START RECORDS PROVIDED
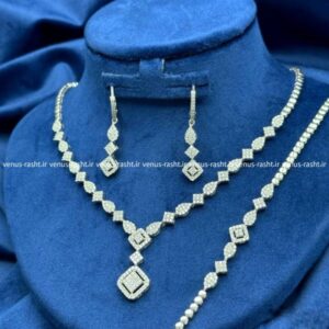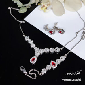 سرویس نقره جواهری ظریف و زنجیری ساخته شده با قالب طلا کد 8927
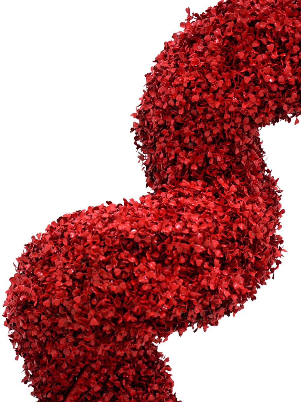 Luxury Topiary Twist ย– Red to hire. Our range of multi-coloured spiral artificial topiary trees are suitable for any themed event or party night where you want bright colours. So if you want a crazy Alice in Wonderland theme party or Willy Wonka themed event or party, these crazy coloured artificial topiary trees will really make a difference!
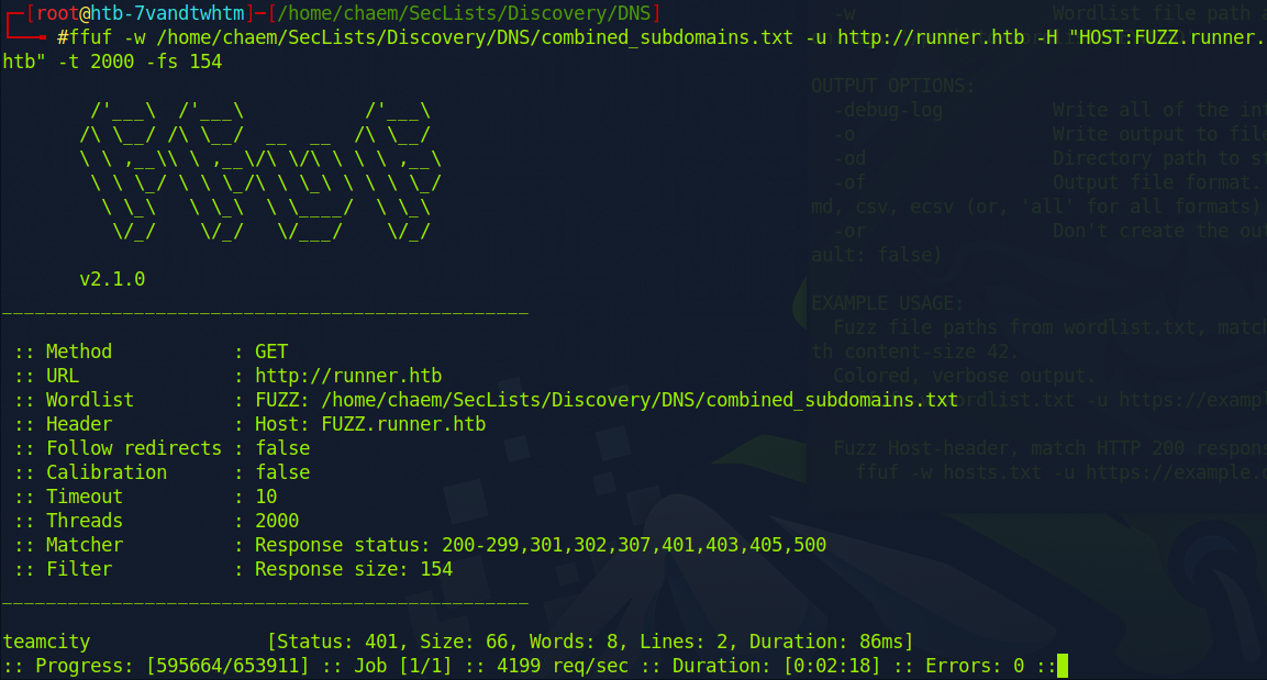 ffuf -w /home/chaem/SecLists/Discovery/DNS/combined_subdomains.txt -u http://runner.htb -H "HOST:FUZZ.runner.htb" -t 2000 -fs 154
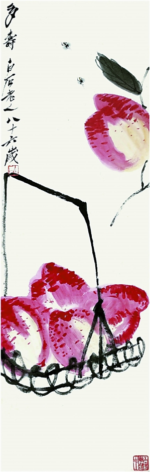 齐白石(1864—1957)多寿 镜片设色纸本 105×34 cm
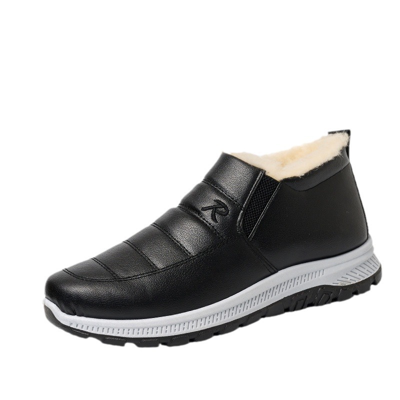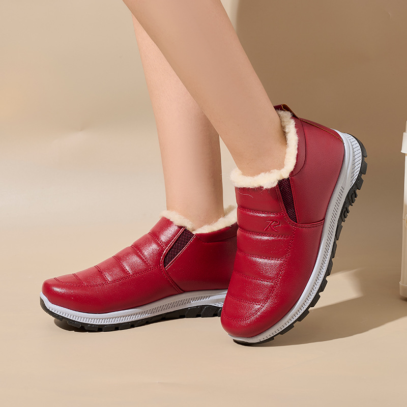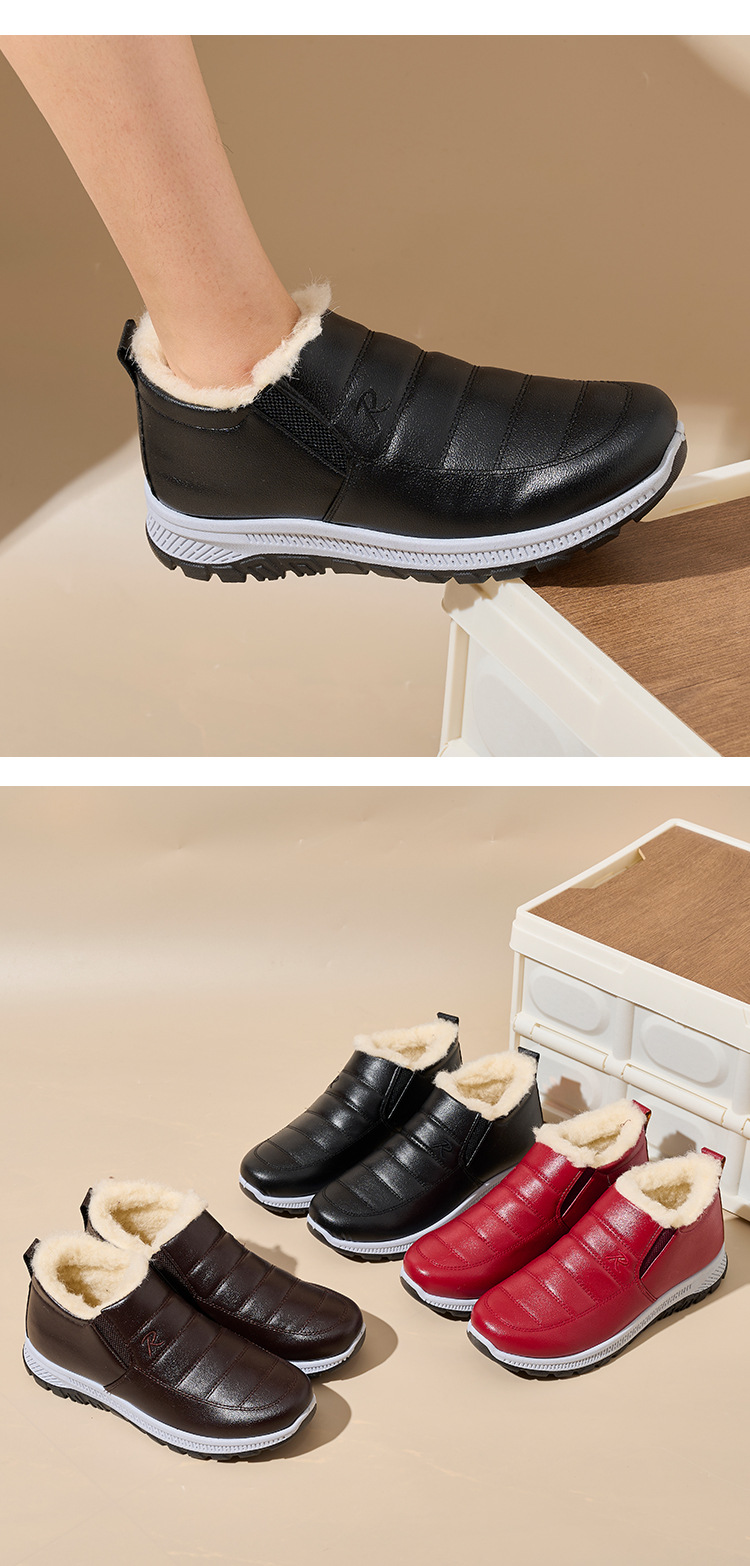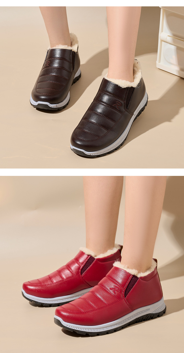 Черные флисовые теплые хлопковые туфли.; Теплая хлопковая обувь коричневого бархата; Теплая хлопковая обувь из красного флиса.
END RECORDS PROVIDED
== EXERCISE ==
Go to the line with "齐白石(1864—1957)多寿 镜片设色纸本 105×34 cm" in the entries above. Reproduce that line and each one after it to the end, exactly and without the pictures.

== EXERCISE SOLUTION ==
 齐白石(1864—1957)多寿 镜片设色纸本 105×34 cm
 Черные флисовые теплые хлопковые туфли.; Теплая хлопковая обувь коричневого бархата; Теплая хлопковая обувь из красного флиса.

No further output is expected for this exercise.